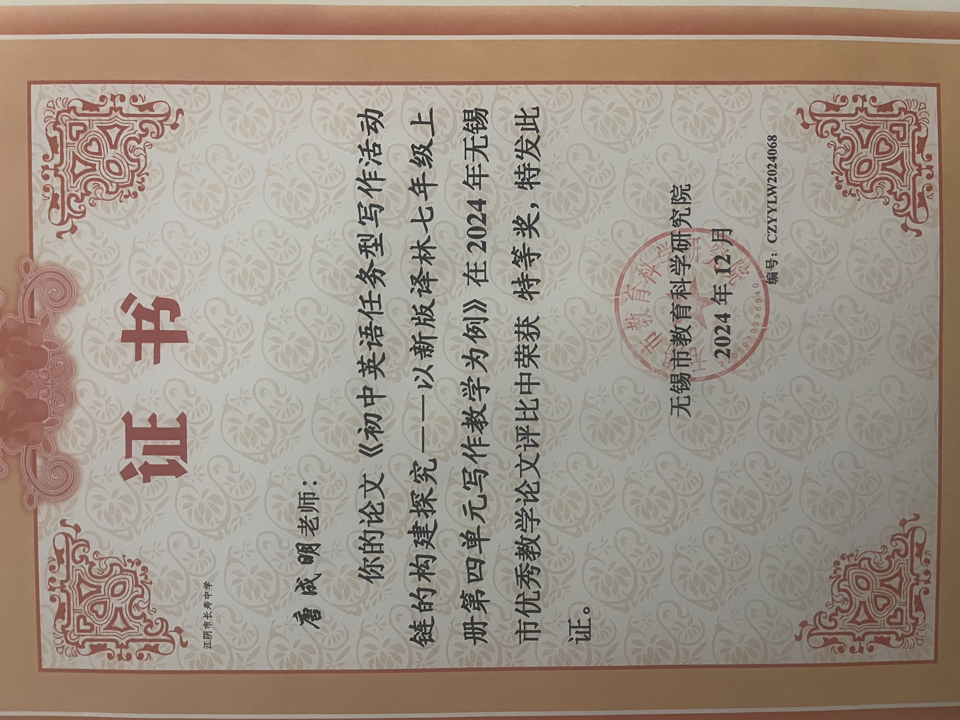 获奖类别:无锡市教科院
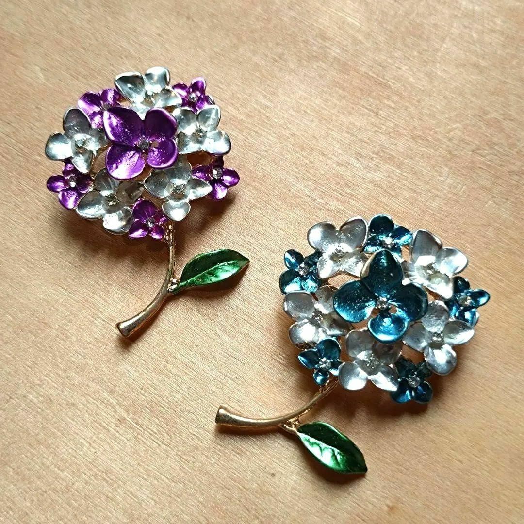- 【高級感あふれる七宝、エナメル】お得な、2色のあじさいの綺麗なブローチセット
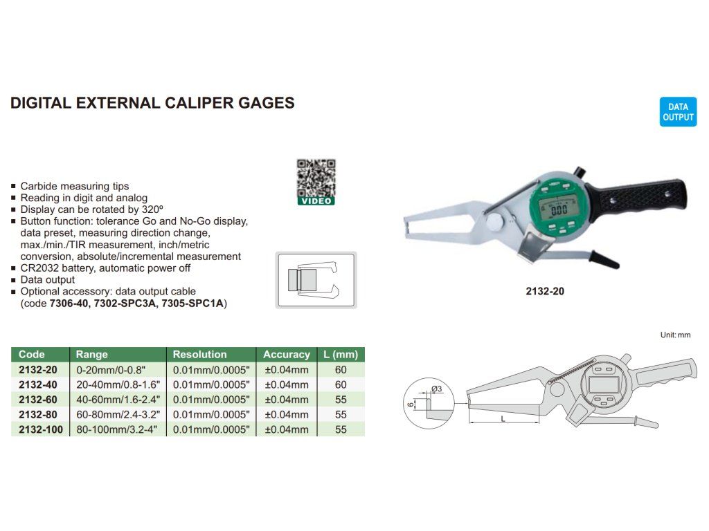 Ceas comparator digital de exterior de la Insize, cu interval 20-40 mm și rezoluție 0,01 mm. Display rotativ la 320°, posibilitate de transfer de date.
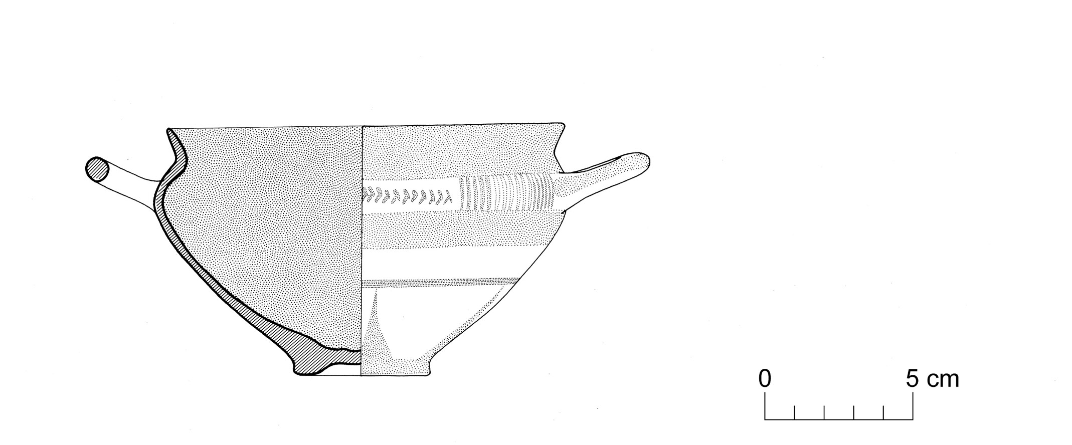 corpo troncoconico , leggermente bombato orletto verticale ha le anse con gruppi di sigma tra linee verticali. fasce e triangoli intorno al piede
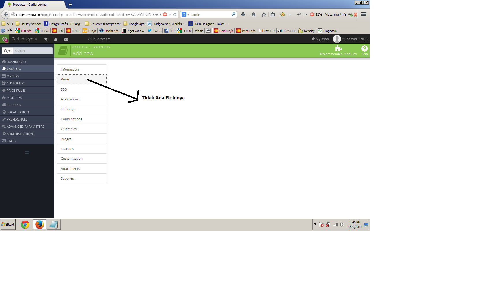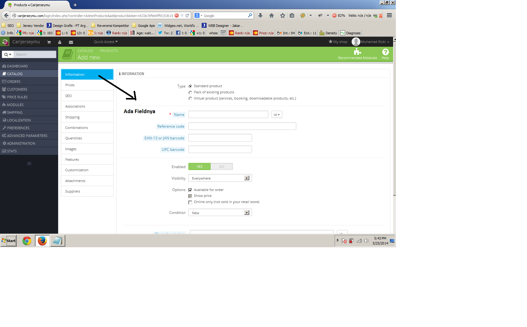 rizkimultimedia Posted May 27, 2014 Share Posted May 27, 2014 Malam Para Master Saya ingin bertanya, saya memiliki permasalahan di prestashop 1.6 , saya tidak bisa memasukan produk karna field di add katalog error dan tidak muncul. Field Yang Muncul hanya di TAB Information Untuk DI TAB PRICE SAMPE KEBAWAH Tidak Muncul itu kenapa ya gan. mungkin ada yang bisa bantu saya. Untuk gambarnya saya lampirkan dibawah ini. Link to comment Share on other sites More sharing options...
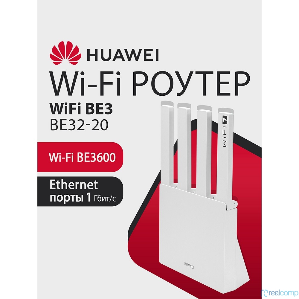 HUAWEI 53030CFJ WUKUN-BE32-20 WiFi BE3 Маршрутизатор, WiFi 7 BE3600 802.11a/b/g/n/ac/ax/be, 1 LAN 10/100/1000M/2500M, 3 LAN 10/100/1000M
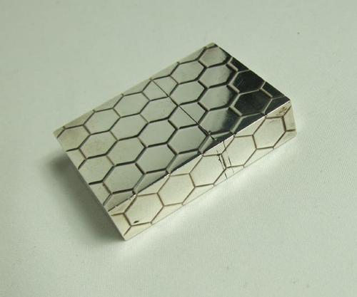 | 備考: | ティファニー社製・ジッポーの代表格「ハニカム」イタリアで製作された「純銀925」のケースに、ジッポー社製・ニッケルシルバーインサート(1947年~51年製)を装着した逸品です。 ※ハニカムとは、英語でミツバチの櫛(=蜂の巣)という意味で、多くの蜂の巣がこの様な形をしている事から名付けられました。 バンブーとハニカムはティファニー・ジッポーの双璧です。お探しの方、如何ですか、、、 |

## PROBLEM TO WORK ON
From the line that contains "corpo troncoconico , leggermente" to the end of the listing, give every line again exactly as written. Leave the pictures out.

## TASK RESPONSE
 corpo troncoconico , leggermente bombato orletto verticale ha le anse con gruppi di sigma tra linee verticali. fasce e triangoli intorno al piede
 rizkimultimedia Posted May 27, 2014 Share Posted May 27, 2014 Malam Para Master Saya ingin bertanya, saya memiliki permasalahan di prestashop 1.6 , saya tidak bisa memasukan produk karna field di add katalog error dan tidak muncul. Field Yang Muncul hanya di TAB Information Untuk DI TAB PRICE SAMPE KEBAWAH Tidak Muncul itu kenapa ya gan. mungkin ada yang bisa bantu saya. Untuk gambarnya saya lampirkan dibawah ini. Link to comment Share on other sites More sharing options...
 HUAWEI 53030CFJ WUKUN-BE32-20 WiFi BE3 Маршрутизатор, WiFi 7 BE3600 802.11a/b/g/n/ac/ax/be, 1 LAN 10/100/1000M/2500M, 3 LAN 10/100/1000M
 | 備考: | ティファニー社製・ジッポーの代表格「ハニカム」イタリアで製作された「純銀925」のケースに、ジッポー社製・ニッケルシルバーインサート(1947年~51年製)を装着した逸品です。 ※ハニカムとは、英語でミツバチの櫛(=蜂の巣)という意味で、多くの蜂の巣がこの様な形をしている事から名付けられました。 バンブーとハニカムはティファニー・ジッポーの双璧です。お探しの方、如何ですか、、、 |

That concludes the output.